____ Information shown

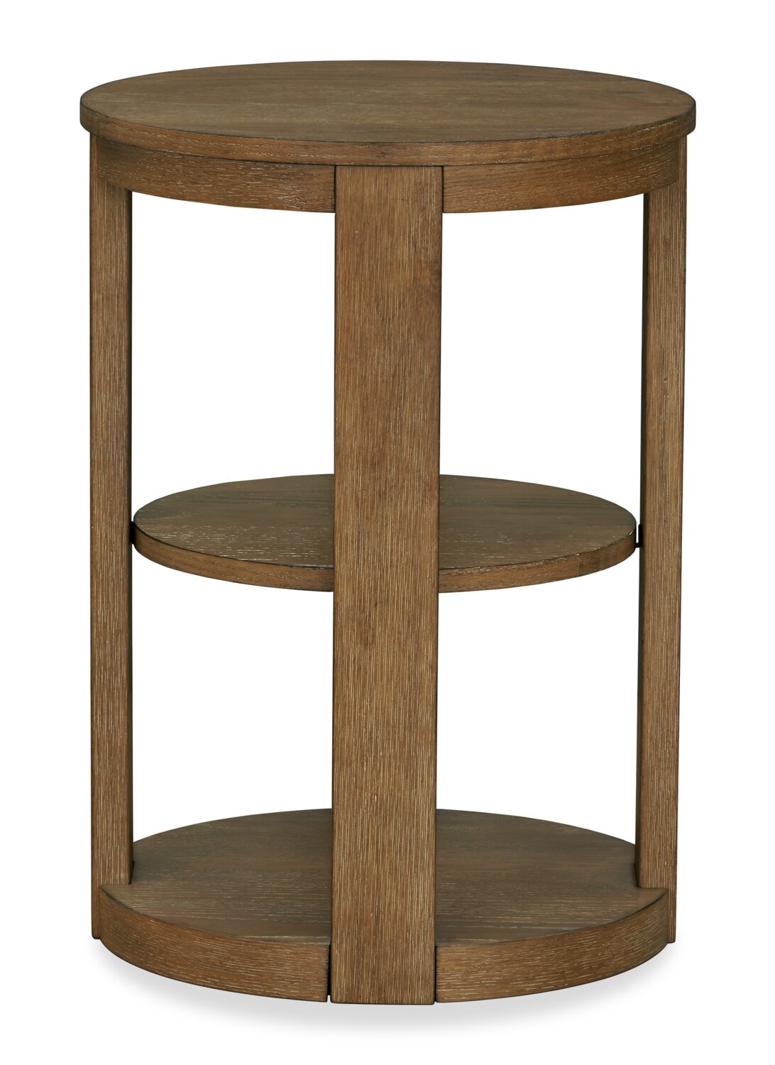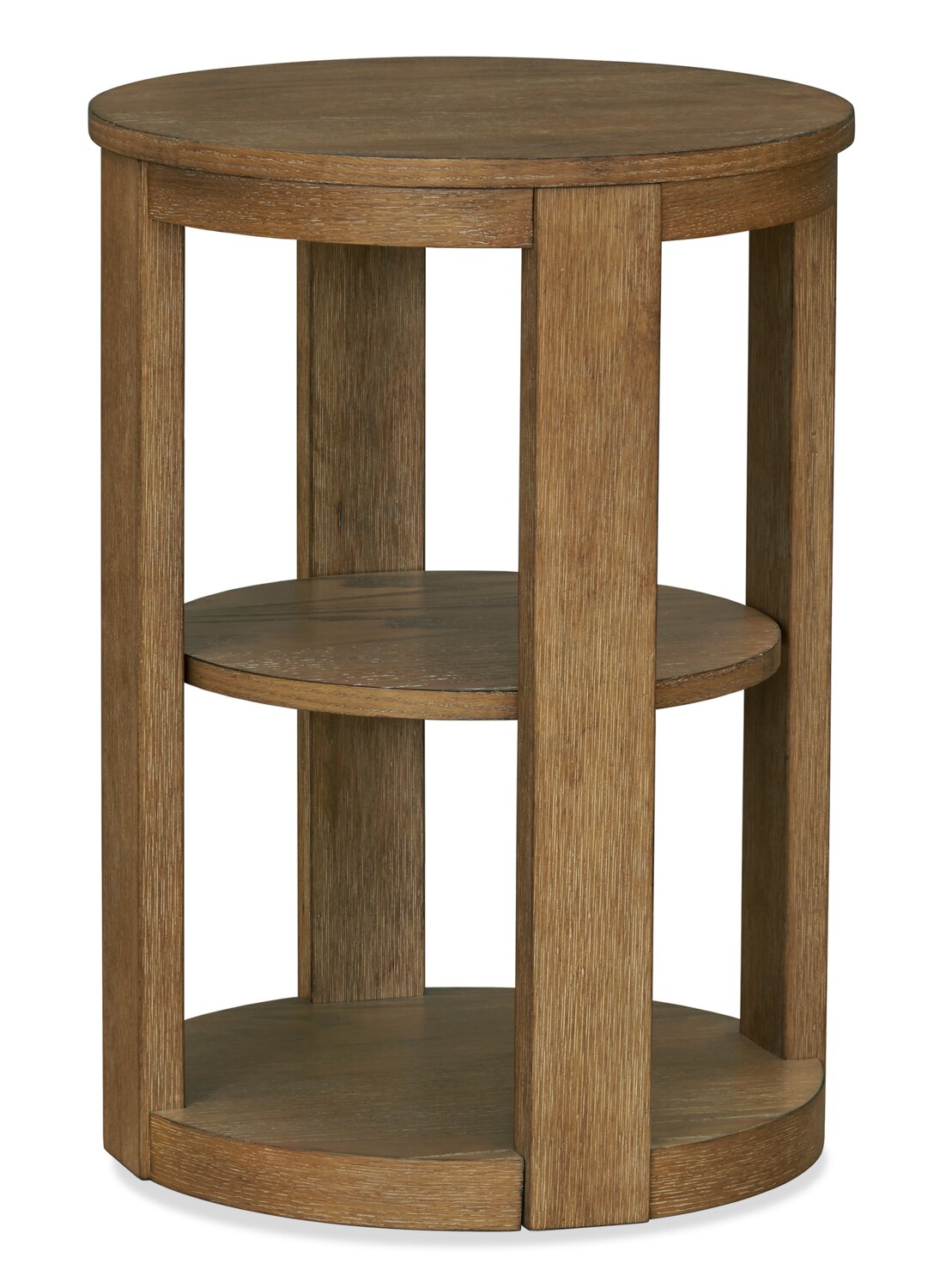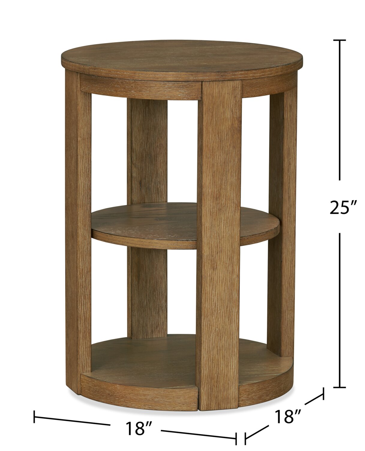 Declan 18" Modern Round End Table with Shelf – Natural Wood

________
____ Information shown

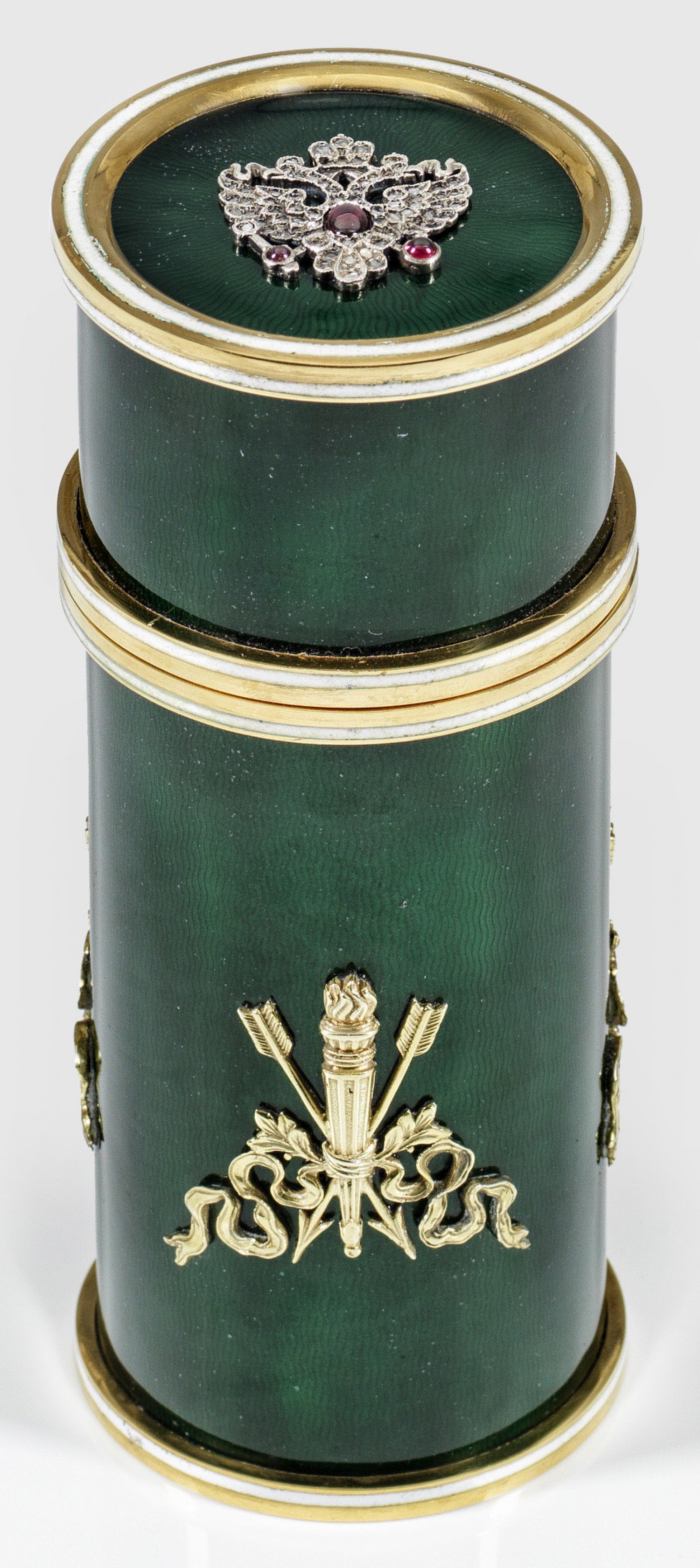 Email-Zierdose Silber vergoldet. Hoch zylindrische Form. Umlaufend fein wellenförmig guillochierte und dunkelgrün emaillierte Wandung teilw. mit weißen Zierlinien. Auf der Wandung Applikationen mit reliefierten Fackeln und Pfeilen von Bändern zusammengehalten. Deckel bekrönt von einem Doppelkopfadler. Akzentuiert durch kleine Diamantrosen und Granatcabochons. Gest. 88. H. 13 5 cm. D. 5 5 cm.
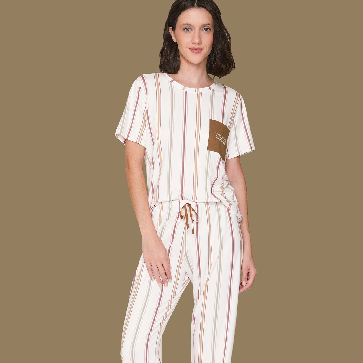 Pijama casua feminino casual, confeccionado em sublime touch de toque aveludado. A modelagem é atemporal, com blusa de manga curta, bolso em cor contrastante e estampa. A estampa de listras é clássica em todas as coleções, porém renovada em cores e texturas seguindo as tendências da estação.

________

Assigned task:
In the records above, copy exactly everything from the line that has "Email-Zierdose Silber vergoldet." down to the line that has "Pijama casua feminino", both ends included, and leave out the pictures.

Solution to this problem:
 Email-Zierdose Silber vergoldet. Hoch zylindrische Form. Umlaufend fein wellenförmig guillochierte und dunkelgrün emaillierte Wandung teilw. mit weißen Zierlinien. Auf der Wandung Applikationen mit reliefierten Fackeln und Pfeilen von Bändern zusammengehalten. Deckel bekrönt von einem Doppelkopfadler. Akzentuiert durch kleine Diamantrosen und Granatcabochons. Gest. 88. H. 13 5 cm. D. 5 5 cm.
 Pijama casua feminino casual, confeccionado em sublime touch de toque aveludado. A modelagem é atemporal, com blusa de manga curta, bolso em cor contrastante e estampa. A estampa de listras é clássica em todas as coleções, porém renovada em cores e texturas seguindo as tendências da estação.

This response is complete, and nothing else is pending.